Semalam, itulah diagnosis yang sudah ditegakkan oleh dokter selepas saya dilarikan ke unit gawat darurat. Sebelumnya, ketika saya tengah diserang demam dan sakit sekujur tubuh yang menyiksa, luka itu ditemukan. Terletak di sekitar bagian tulang ekor, diameter sudah mencapai kurang lebih enam sentimeter, dan katamu luka itu telah mengeluarkan darah serta nanah ketika kamu temukan, Hawa.
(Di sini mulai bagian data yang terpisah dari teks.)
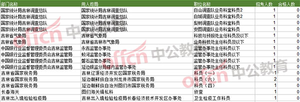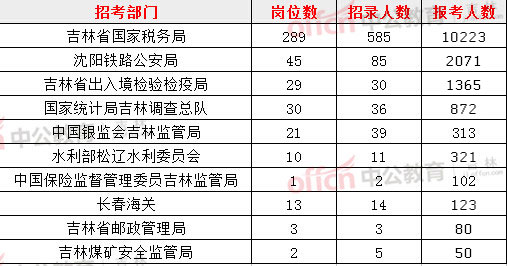 截止到23日8時,競爭比例的職位為吉林鐵路公安處線路警務區民警一職,招錄4人,截止到23日8時通過人數為894人。其次為吉林省國稅局部門。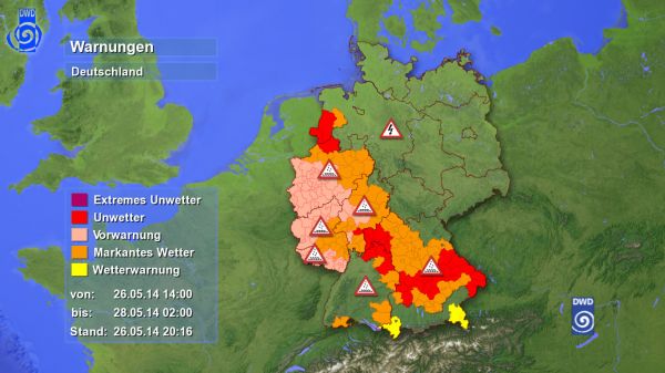 Quer durch Deutschland zieht sich ein Starkregenband vom westlichen Niedersachsen bis nach Bayern. Lokal ist mit Starkregen, auch am Dienstag und am Mittwoch zu rechnen.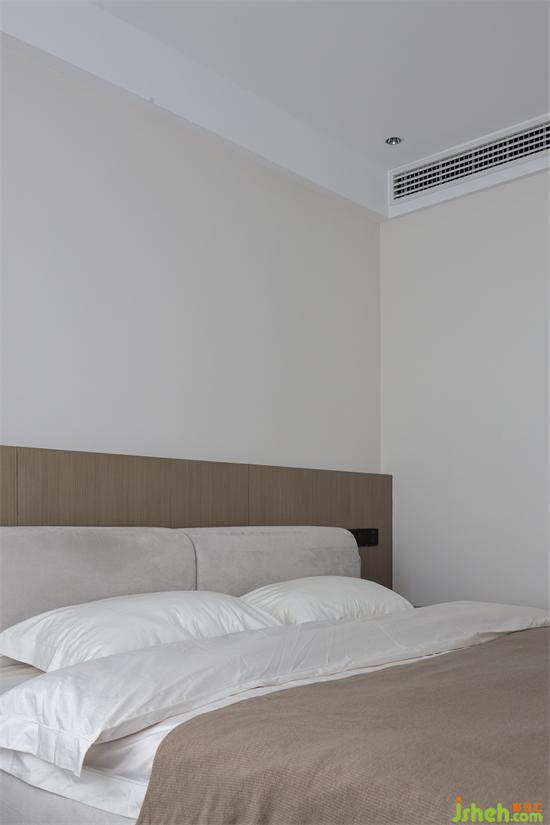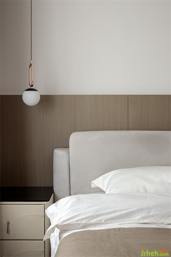 公共區(qū)域的氛圍延續(xù)到私密空間,有了不一樣的表達(dá)。白色、木色、咖啡色的素色拼搭,讓臥室靜謐下來(lái),顯出一種從容不迫的沉穩(wěn)。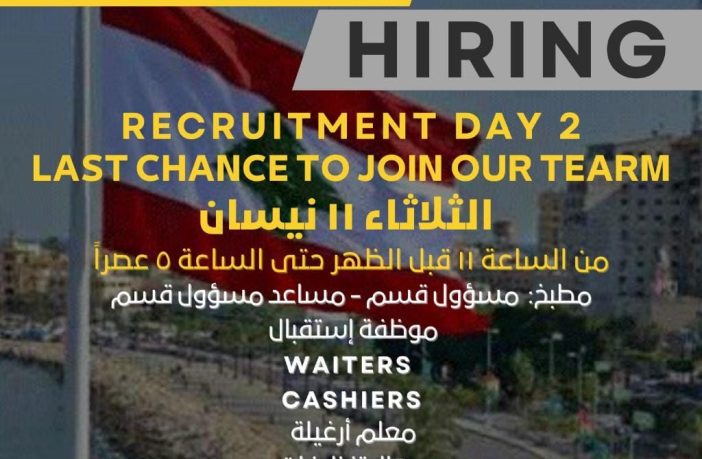 مطعم Ka3keez في صور بحاجة الى موظفين في المجالات التالية: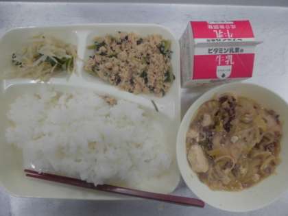 今日の給食のメニューは、すき焼き煮、もやしときゅうりの生姜づけ、ツナっ葉炒め、牛乳、ごはん、でした。すき焼き煮は豆腐や白菜、糸こんにゃくなどに甘めの和風だしがしっかりとしみ込んでいて、牛肉の旨みも広がっていました。ごはんがとても進みました。もやしときゅうりの生姜づけは生姜の香りがアクセントになっていてさっぱりとした味に仕上がっていました。ツナっ葉炒めは大根の葉とツナが一緒に炒められていました。こちらもごはんにふりかけるととてもおいしかったです。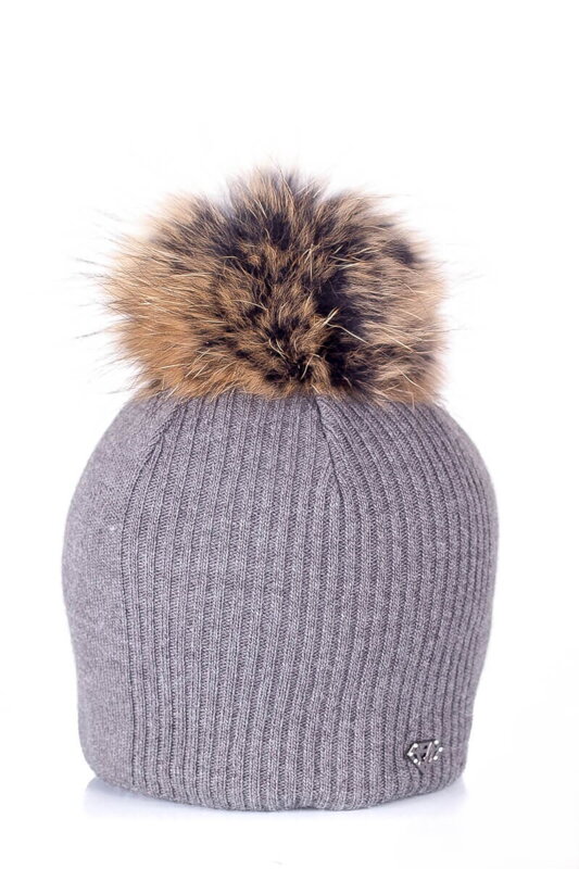 Frauen Strickmütze mit Bommel aus echtem Pelz Zuza- grau

"Sudah mencapai bagian sub-cutis."
"Tergolong serius."
Memang, terkait penyakit ini, ada beberapa istilah medis yang kurang saya pahami. Namun pernyataan terakhir sang dokter, sudah cukup menjelaskan status kondisi ini. Tidak heran lagi mengapa waktu itu kamu dan Cahyo sampai tidak berani membawa saya ke rumah sakit dengan mobil pribadi. Kalian memilih untuk menelepon nomor gawat darurat. Setelahnya, tim paramedik yang datang dengan ambulans pun, harus membawa saya dengan posisi miring di atas stretcher. Luka itu betul-betul harus dihindarkan dari posisi yang akan semakin menekan bagian permukaanya.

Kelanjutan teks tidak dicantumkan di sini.